Uncovering Discrimination Clusters: Quantifying and Explaining Systematic Fairness Violations

Fairness in algorithmic decision-making is often framed in terms of individual fairness, which requires that similar individuals receive similar outcomes. A system violates individual fairness if there exists a pair of inputs differing only in protected attributes (such as race or gender) that lead to significantly different outcomes-for example, one favorable and the other unfavorable. While this notion highlights isolated instances of unfairness, it fails to capture broader patterns of systematic or clustered discrimination that may affect entire subgroups. We introduce and motivate the concept of discrimination clustering, a generalization of individual fairness violations. Rather than detecting single counterfactual disparities, we seek to uncover regions of the input space where small perturbations in protected features lead to k-significantly distinct clusters of outcomes. That is, for a given input, we identify a local neighborhood-differing only in protected attributes-whose members' outputs separate into many distinct clusters. These clusters reveal significant arbitrariness in treatment solely based on protected attributes that help expose patterns of algorithmic bias that elude pairwise fairness checks. We present HyFair, a hybrid technique that combines formal symbolic analysis (via SMT and MILP solvers) to certify individual fairness with randomized search to discover discriminatory clusters. This combination enables both formal guarantees-when no counterexamples exist-and the detection of severe violations that are computationally challenging for symbolic methods alone. Given a set of inputs exhibiting high k-unfairness, we introduce a novel explanation method to generate interpretable, decision-tree-style artifacts. Our experiments demonstrate that HyFair outperforms state-of-the-art fairness verification and local explanation methods.

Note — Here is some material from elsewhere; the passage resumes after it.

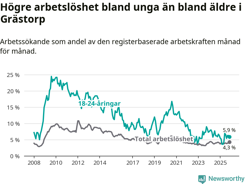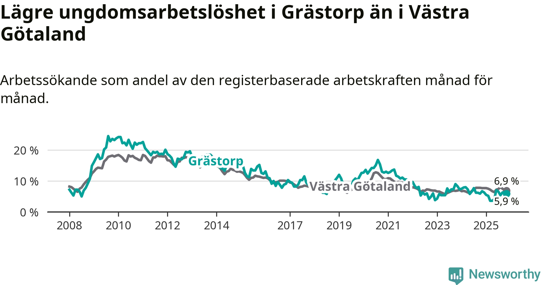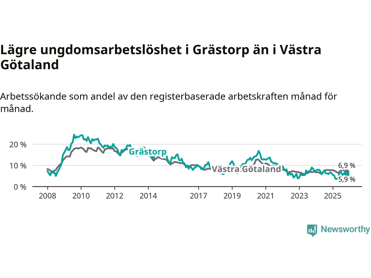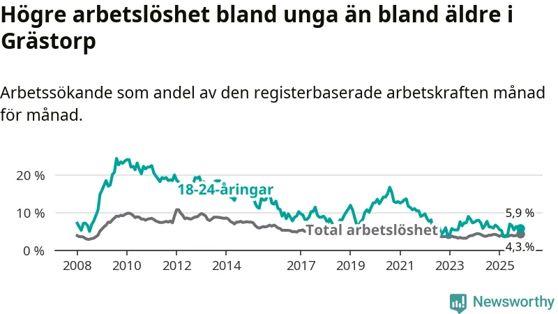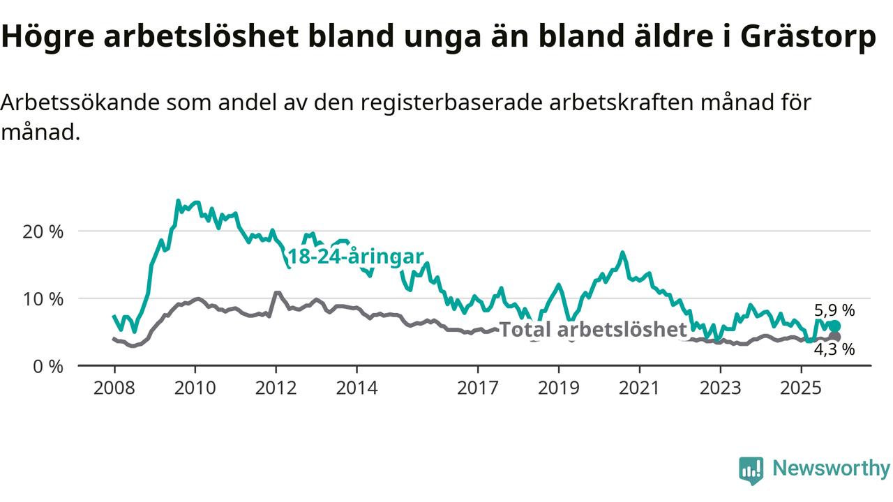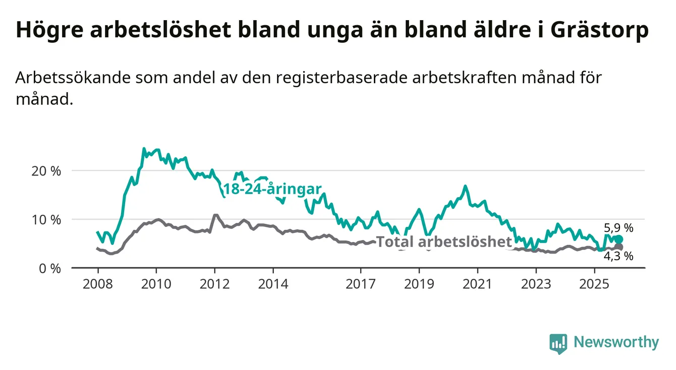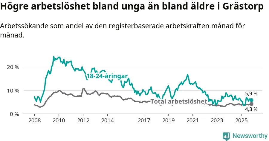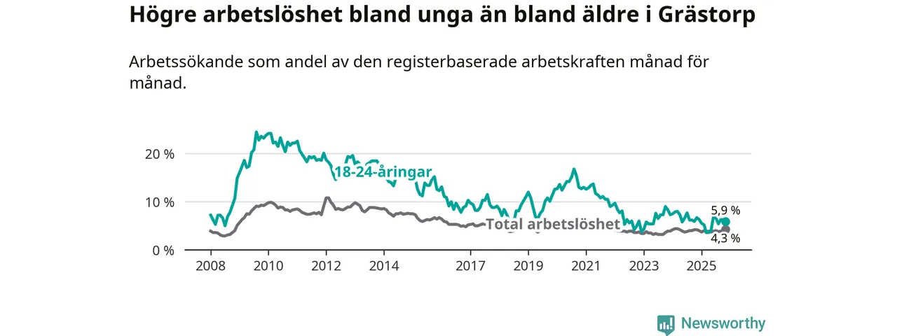 Precis som den totala arbetslösheten ligger ungdomsarbetslösheten i Grästorp lägre än i Västra Götaland som helhet. Skillnaden mellan kommunen och länet är 1,0 procentenheter.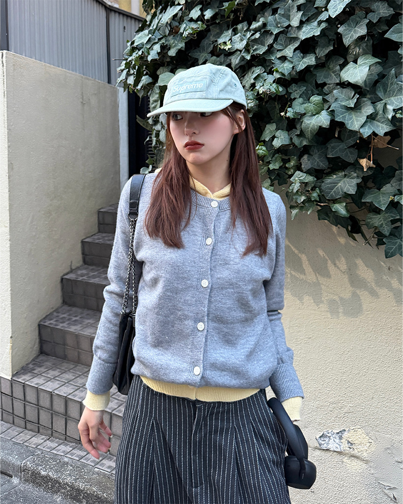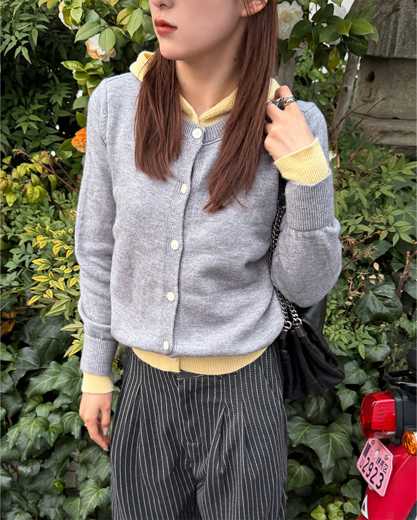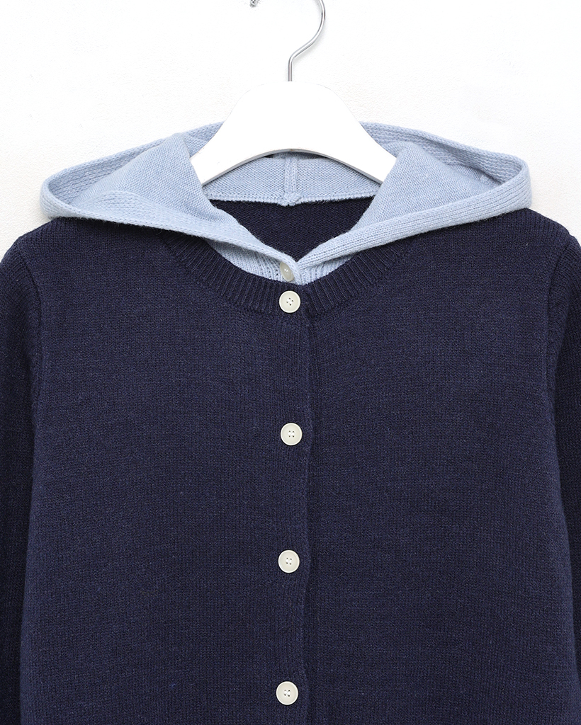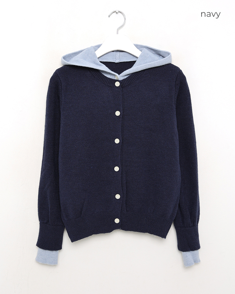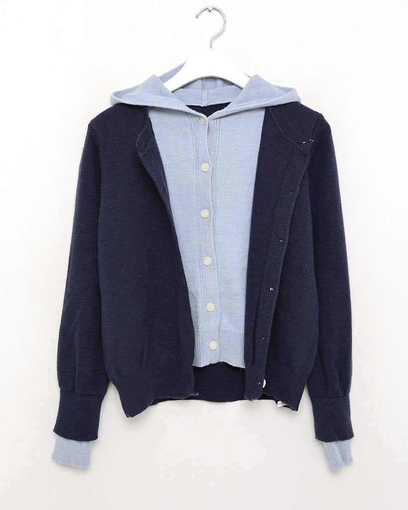 フードレイヤードカーディガン

翻译：算法决策中的公平性常以个体公平性为框架，即要求相似个体获得相似结果。若存在仅因受保护属性（如种族或性别）不同而导致显著差异结果（例如一个有利、另一个不利）的输入对，则系统违反了个体公平性。尽管这一概念凸显了孤立的公平性违规案例，却未能捕捉可能影响整个子群的系统性或聚类性歧视的广泛模式。本文提出并阐释了歧视性聚类的概念，作为个体公平性违规的广义形式。我们不仅检测单一反事实差异，更致力于揭示输入空间中受保护特征的微小扰动会导致k个显著不同结果聚类的区域。具体而言，对于给定输入，我们识别一个仅因受保护属性存在差异的局部邻域，其成员输出会分离为多个不同聚类。这些聚类揭示了仅基于受保护属性产生的显著任意性处理，有助于暴露成对公平性检查难以发现的算法偏见模式。我们提出HyFair混合技术，结合形式化符号分析（通过SMT与MILP求解器）以验证个体公平性，并利用随机搜索发现歧视性聚类。这种结合既能提供无反例时的形式化保证，又能检测对纯符号方法具有计算挑战性的严重违规。针对呈现高k值不公平性的输入集，我们引入一种新颖的解释方法以生成可解释的决策树式表征。实验表明，HyFair在公平性验证与局部解释方法方面优于现有最先进技术。